_WORK INSTRUCTIONS_
Write all of the entries out again exactly, but not the images.
====== WORKING DATA ======
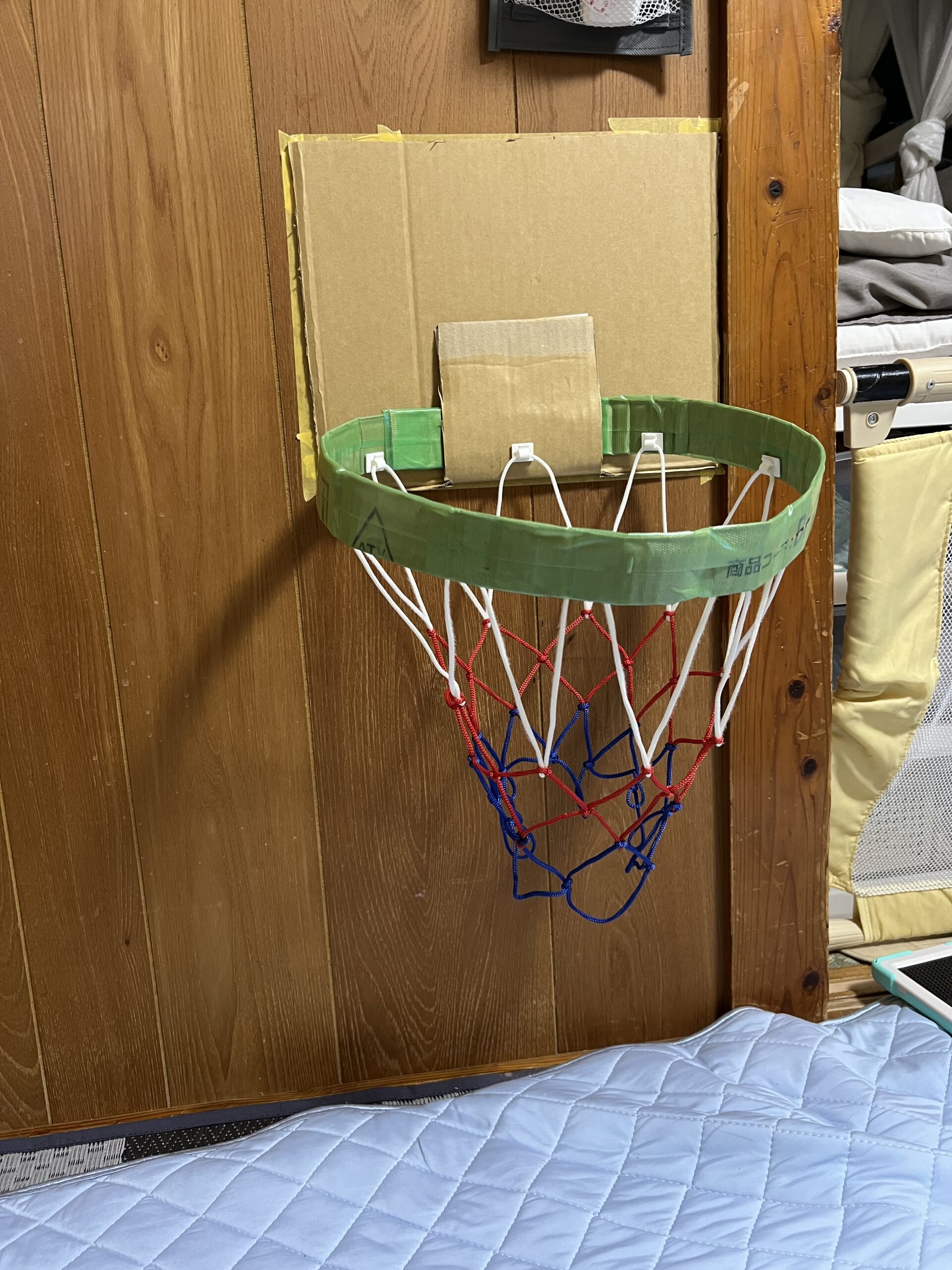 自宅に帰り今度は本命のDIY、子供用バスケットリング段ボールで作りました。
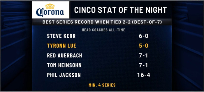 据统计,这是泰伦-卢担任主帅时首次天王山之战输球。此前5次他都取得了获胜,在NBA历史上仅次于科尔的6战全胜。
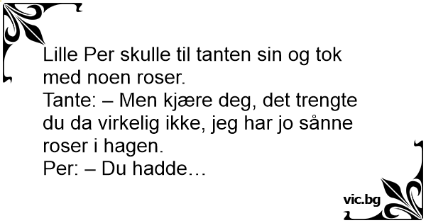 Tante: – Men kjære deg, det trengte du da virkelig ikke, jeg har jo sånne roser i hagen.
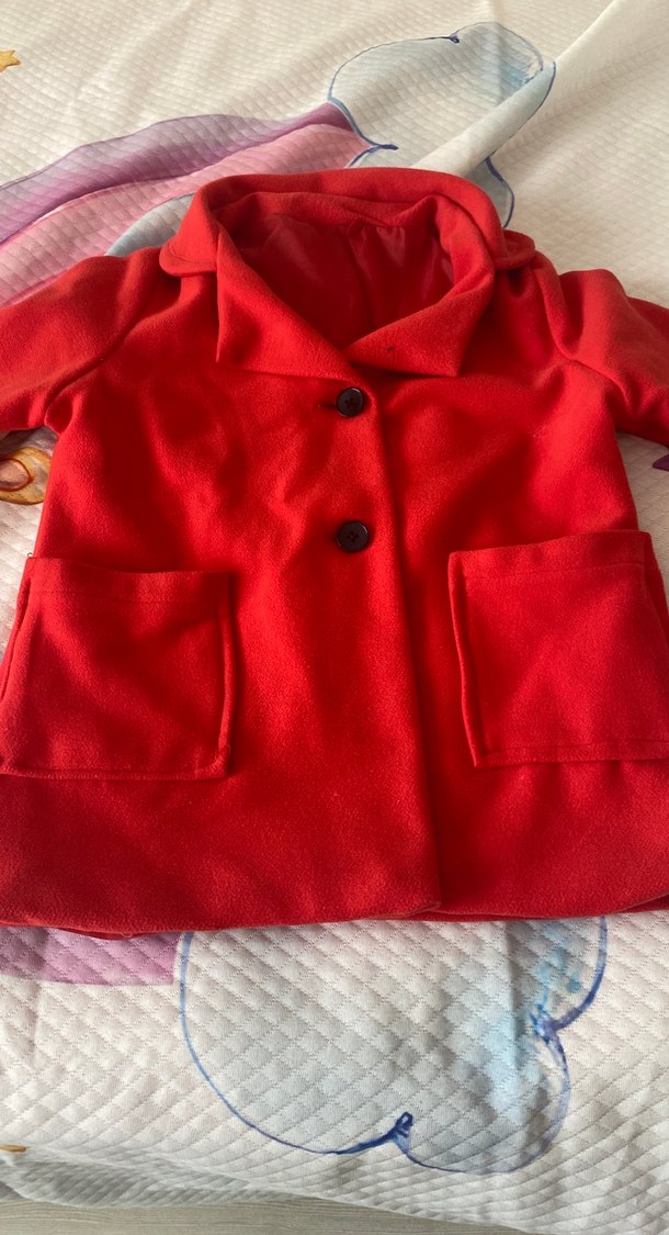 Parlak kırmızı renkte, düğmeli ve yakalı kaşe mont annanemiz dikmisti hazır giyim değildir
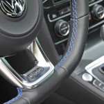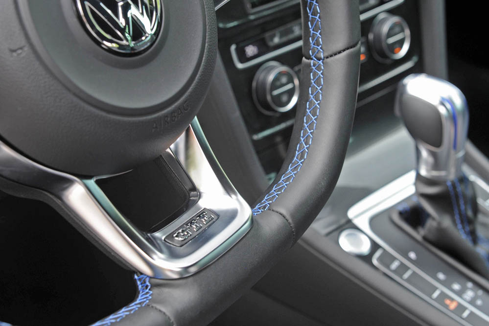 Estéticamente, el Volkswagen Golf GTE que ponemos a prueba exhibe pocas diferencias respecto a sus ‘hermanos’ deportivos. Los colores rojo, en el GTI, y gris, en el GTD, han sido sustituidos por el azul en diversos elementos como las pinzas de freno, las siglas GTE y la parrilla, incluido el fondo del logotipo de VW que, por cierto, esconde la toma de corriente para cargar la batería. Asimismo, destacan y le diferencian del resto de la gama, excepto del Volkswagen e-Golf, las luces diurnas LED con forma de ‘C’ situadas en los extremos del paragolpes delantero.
======
_ANSWER FOR THIS EXERCISE_
 自宅に帰り今度は本命のDIY、子供用バスケットリング段ボールで作りました。
 据统计,这是泰伦-卢担任主帅时首次天王山之战输球。此前5次他都取得了获胜,在NBA历史上仅次于科尔的6战全胜。
 Tante: – Men kjære deg, det trengte du da virkelig ikke, jeg har jo sånne roser i hagen.
 Parlak kırmızı renkte, düğmeli ve yakalı kaşe mont annanemiz dikmisti hazır giyim değildir
 Estéticamente, el Volkswagen Golf GTE que ponemos a prueba exhibe pocas diferencias respecto a sus ‘hermanos’ deportivos. Los colores rojo, en el GTI, y gris, en el GTD, han sido sustituidos por el azul en diversos elementos como las pinzas de freno, las siglas GTE y la parrilla, incluido el fondo del logotipo de VW que, por cierto, esconde la toma de corriente para cargar la batería. Asimismo, destacan y le diferencian del resto de la gama, excepto del Volkswagen e-Golf, las luces diurnas LED con forma de ‘C’ situadas en los extremos del paragolpes delantero.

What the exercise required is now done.